Post by Artsdoctor »

dr350rex wrote: Fri Sep 30, 2022 4:49 pm
Artsdoctor wrote: Fri Sep 30, 2022 3:42 pm OP: As you're learning about buying treasuries, I would suggest that you try it out but in a tax-advantaged accounts. Buying in a taxable account, if you're inclined, would be wiser after you've become more familiar with the tax ramifications of purchasing treasuries on the secondary market.
This is money from the sale of real estate that is going to be my bridge into an early retirement, so unfortunately it has to go in a taxable account. Can you summarize the cons with respect to taxes for buying treasuries in taxable on the secondary market or point me to a good link? Would it be better to buy them direct at auction? Thank you.
The first question will always be: what is your goal? I've leave that to another conversation.

As far as the mechanics of buying treasuries, you can find a lot of information on this site regarding this since so many people are currently in doing this.

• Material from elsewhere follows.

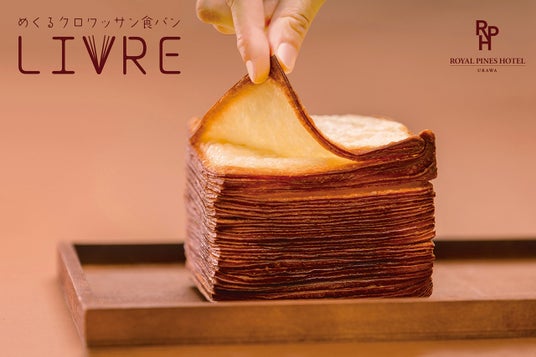 国産小⻨をベースにフランス産発酵バターを贅沢に使った生地を27層に折り重ね、小⻨とバターの香りを最大限に引き立てる製法で職人が一つひとつ丁寧に焼き上げます。「リーヴル(Livre)」とはフランス語で「本」を意味するように、まるで本のように、めくって食べる新感覚のクロワッサン食パンです。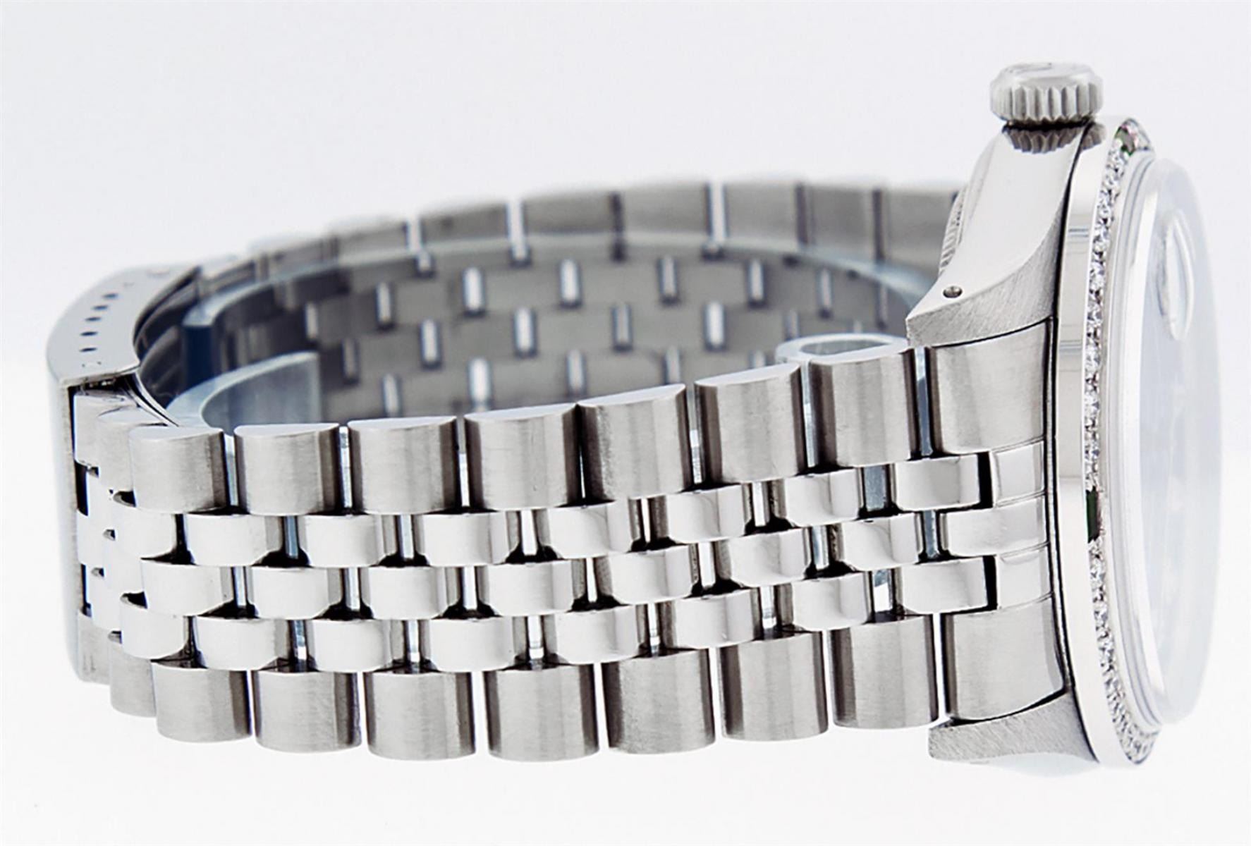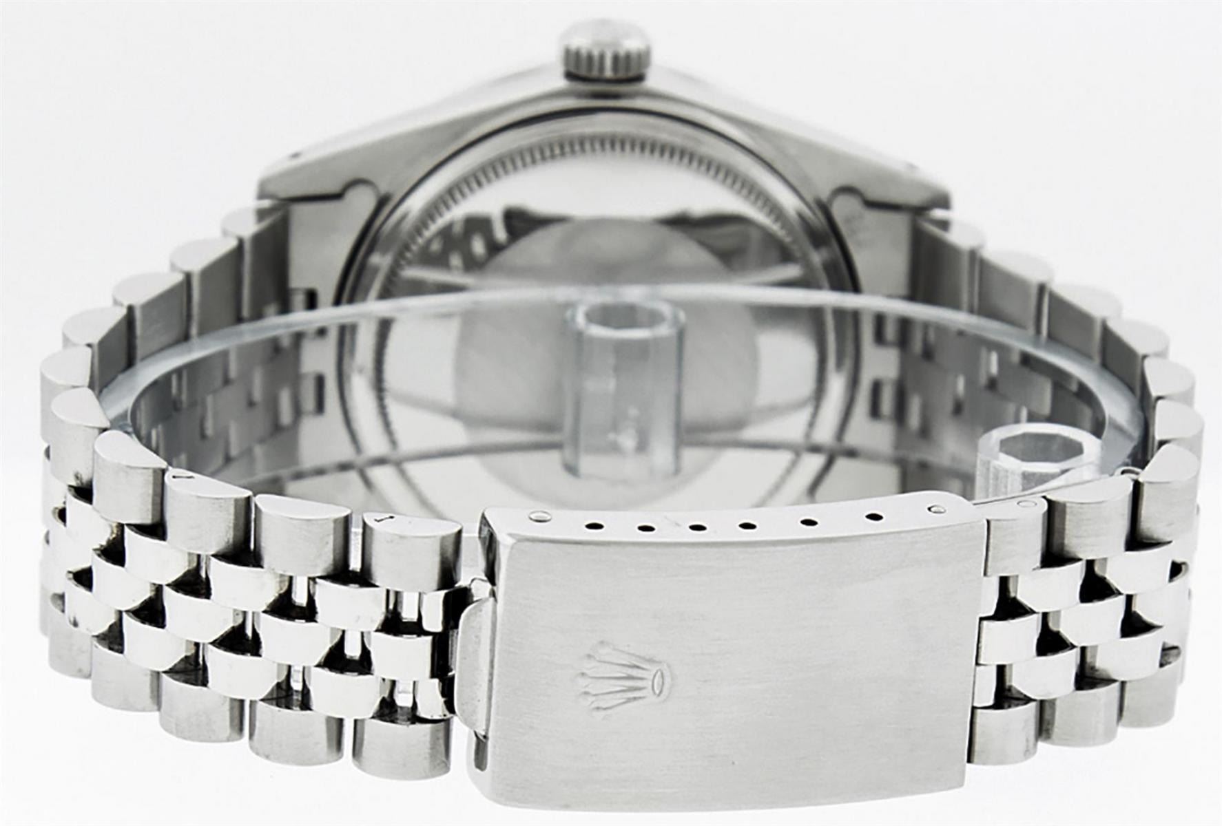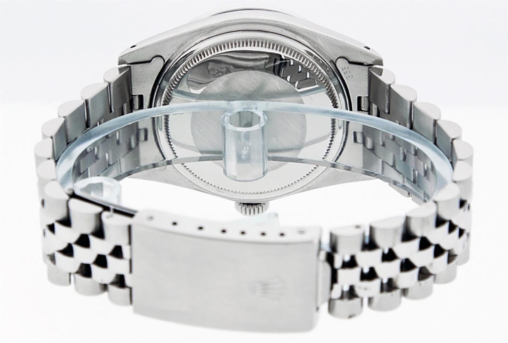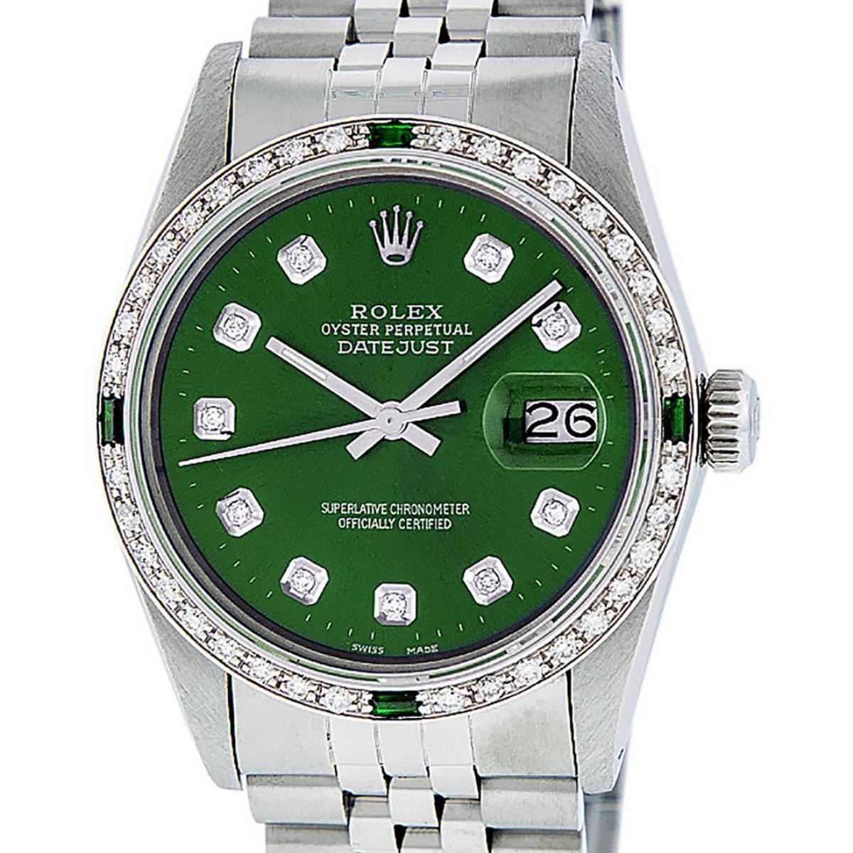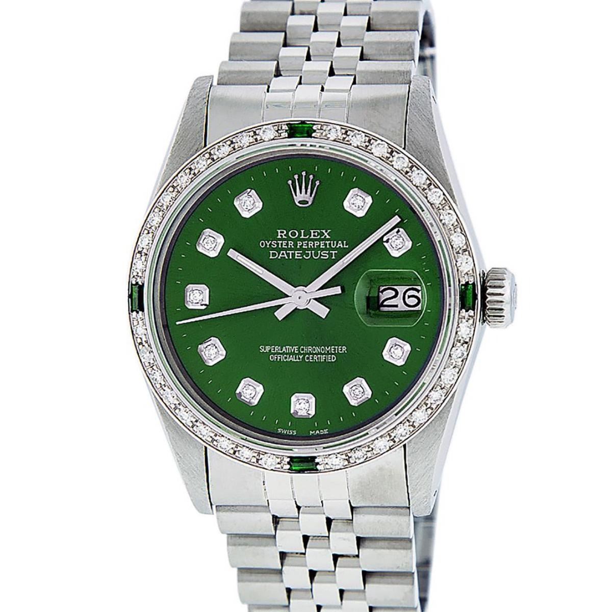 One Mens Stainless Steel Rolex Datejust Polished, Serviced & Electronically Tested, Stainless Steel Case: 36mm, Stainless Steel Crown, Custom Bezel: New 18K White Gold Synthetic Emerald Beadset Diamond Bezel, Diamond + Gem Count: 36 Diamonds + 4 Synthetic Emeralds, Total Weight 1.00 Carat, Clarity: SI-VS, Color: G to H. Custom Crystal: New Scratch Resistant Synthetic Sapphire Cyclops Lens. Custom Hands: New Luminescent Hands. Movement: Automatic Winding Movement. Custom Dial: Green Vignette With Diamond Hour Markers, 10 Diamond Dial, G To H In Color, Clarity: SI-VS. Date Window: 3 O'Clock Position Date Display, Quickset, Model: Datejust. Condition: G-6 Extra Fine. Bracelet: Stainless Steel Jubilee Band. Bright Polish & Satin Finish. 7.0 Inch Length, Adjustable. Standard Clasp, With Rolex Logo. This Watch Has Been Serviced Time Tested And Is In Excellent Condition It Is Free Of All Scratches And Dents

Because you're new to this, I would suggest that you buy treasuries at auction. You're in luck, in a way, because the yields for short-term treasuries are better than for longer term treasuries. This allows you to "practice" without a lot of long-term commitment.

You'll probably buy 6-month or 12-month T-bills at auction with the intent of holding them until until maturity. If you'd like to buy 3-month T-bills because it's your first time, no problem at all.

Buying on the secondary market is easy but there are a few tax issues you'll need to keep in mind. This will make a lot more sense once you've tried your hand at buying at auction. Ultimately, you'll find that buying on the secondary market is extremely easy and efficient but try the auction first.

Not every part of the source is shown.